What is habeas corpus and why is it important?

Answer

The legal right to challenge unlawful or indefinite imprisonment, fundamental to justice.

Explanation

Habeas corpus is the legal right of a person detained by the state to challenge the lawfulness of their detention before a court, requiring the detaining authority to produce the prisoner and justify the imprisonment.
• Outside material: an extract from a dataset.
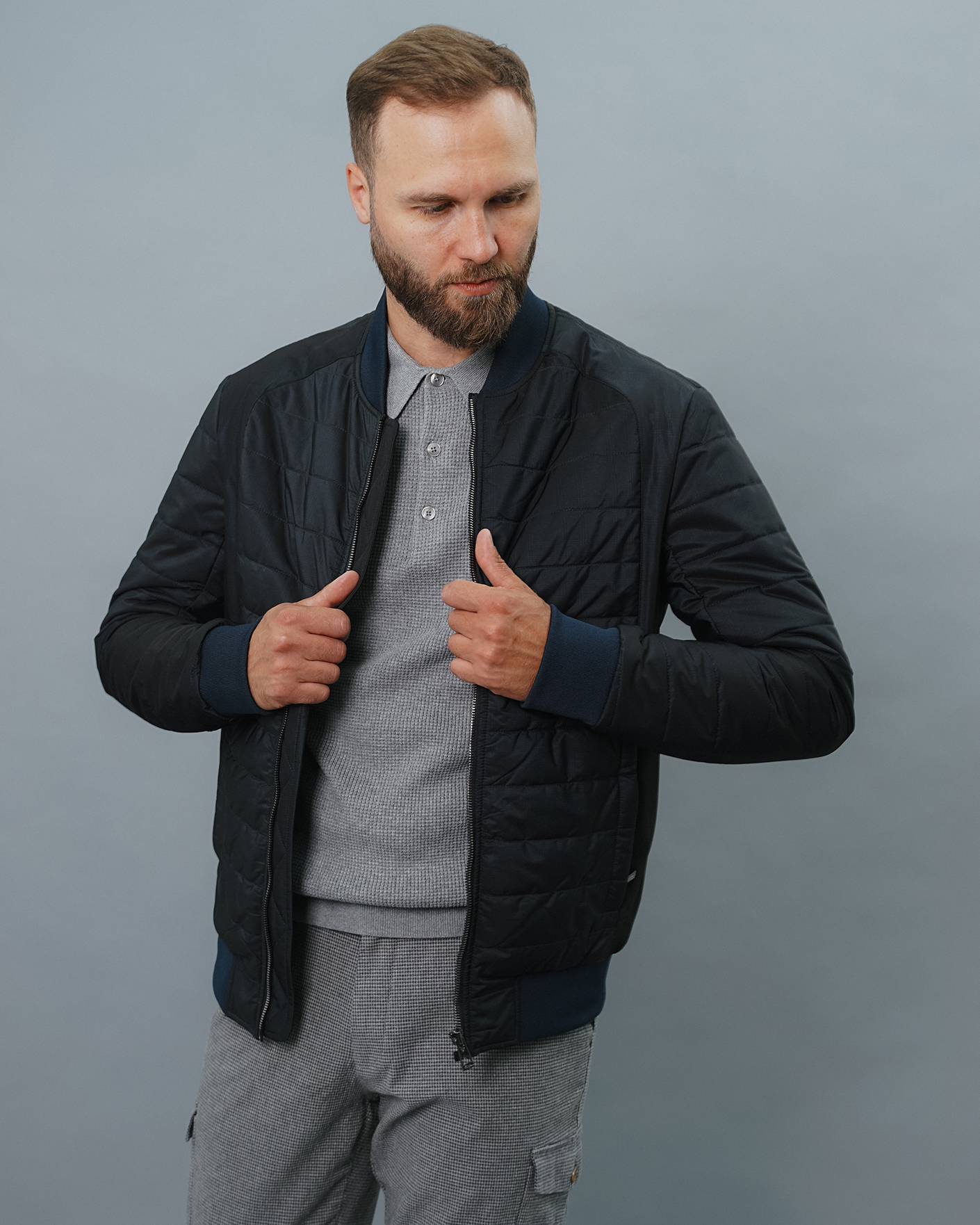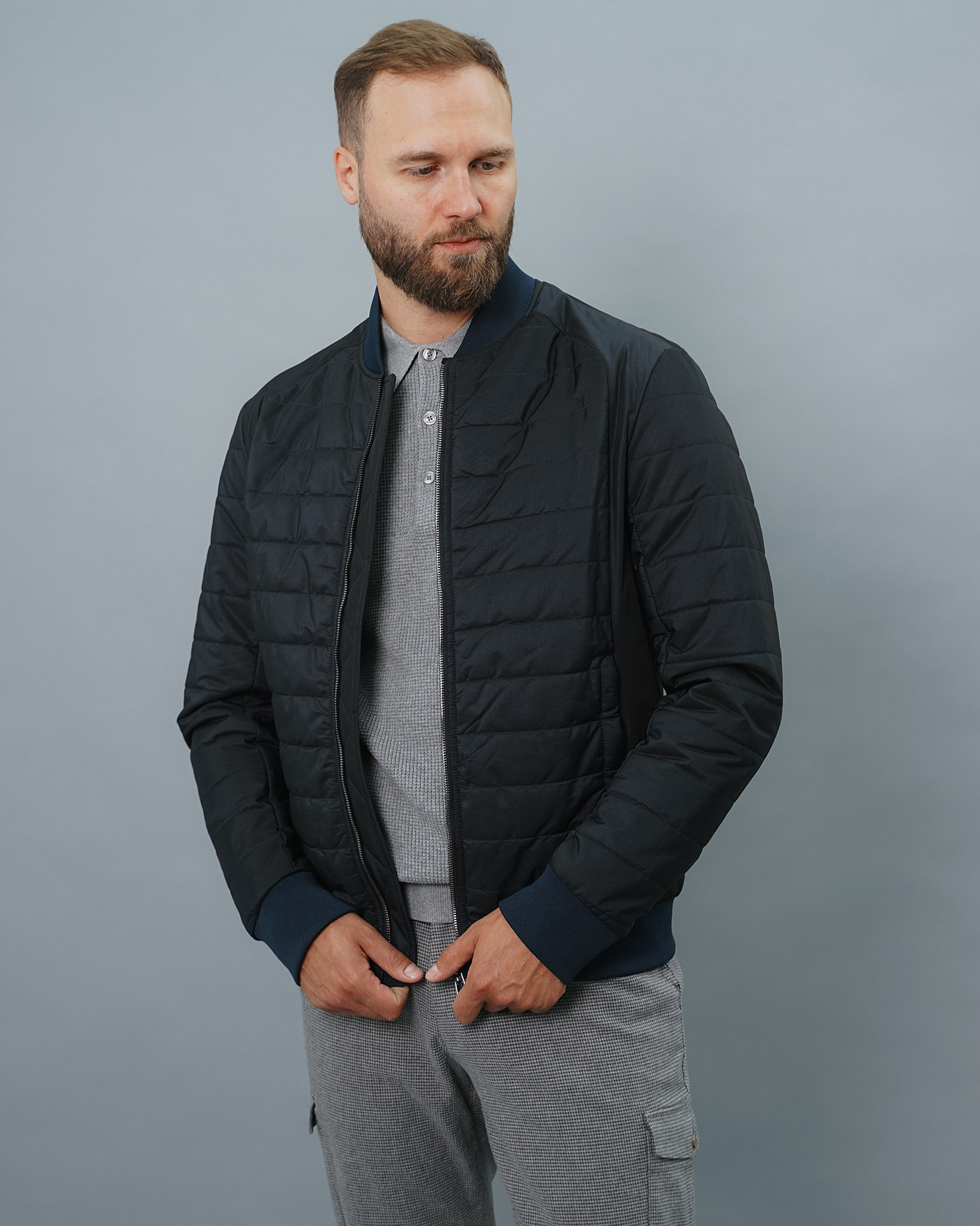 Утепленная куртка-бомбер Aero Giacca черно-синего цвета в горизонтальную стежку. Удлиненный ворот, манжеты и низ на тонкой резинке синего цвета. Застежка и боковые карманы на молниях. Куртка-бомбер станет идеальным дополнением вашему гардеробу в стиле casual.

The right is guaranteed in Canada by section 10(c) of the Charter of Rights and Freedoms, which entitles everyone on arrest or detention 'to have the validity of the detention determined by way of habeas corpus and to be released if the detention is not lawful'.

The writ of habeas corpus dates from English common law, with formal codification in the English Habeas Corpus Act of 1679, and was inherited by Canada through the Constitution Act, 1867 which preserved the existing legal traditions of the founding colonies. Canadian courts have applied the writ to challenge detentions in immigration holding centres, prisons, military facilities, and psychiatric institutions, with the Supreme Court of Canada confirming its scope in Mission Institution v. Khela (2014).

Habeas corpus carries economic as well as civil weight in Canada. The federal Customs Act, the Criminal Code provisions on remand, and immigration law regularly intersect with the writ; cases involving extended pre-trial custody, border detentions, and immigration holdings have become more frequent as Canada's trade-driven cross-border traffic has grown. Cross-border arrests of Canadian executives (notably the December 1, 2018 detention of Huawei CFO Meng Wanzhou in Vancouver) underscore the intersection between criminal law and Canada's role in global commerce.

The right is not absolute. Section 1 of the Charter allows reasonable limits demonstrably justified in a free and democratic society, and the Emergencies Act passed in 1988 (replacing the earlier War Measures Act) permits the federal government to suspend certain rights during national emergencies, subject to parliamentary oversight. The Public Order Emergency declared in February 2022 during the Freedom Convoy protests in Ottawa was the first peacetime use of the Act, and the subsequent Rouleau Commission report in February 2023 reviewed its constitutional limits.

Why this matters for your test

Discover Canada lists habeas corpus among the foundational legal rights Canadians inherited from English common law. Knowing that section 10(c) of the Charter guarantees the writ ties the answer to the country's modern constitutional framework.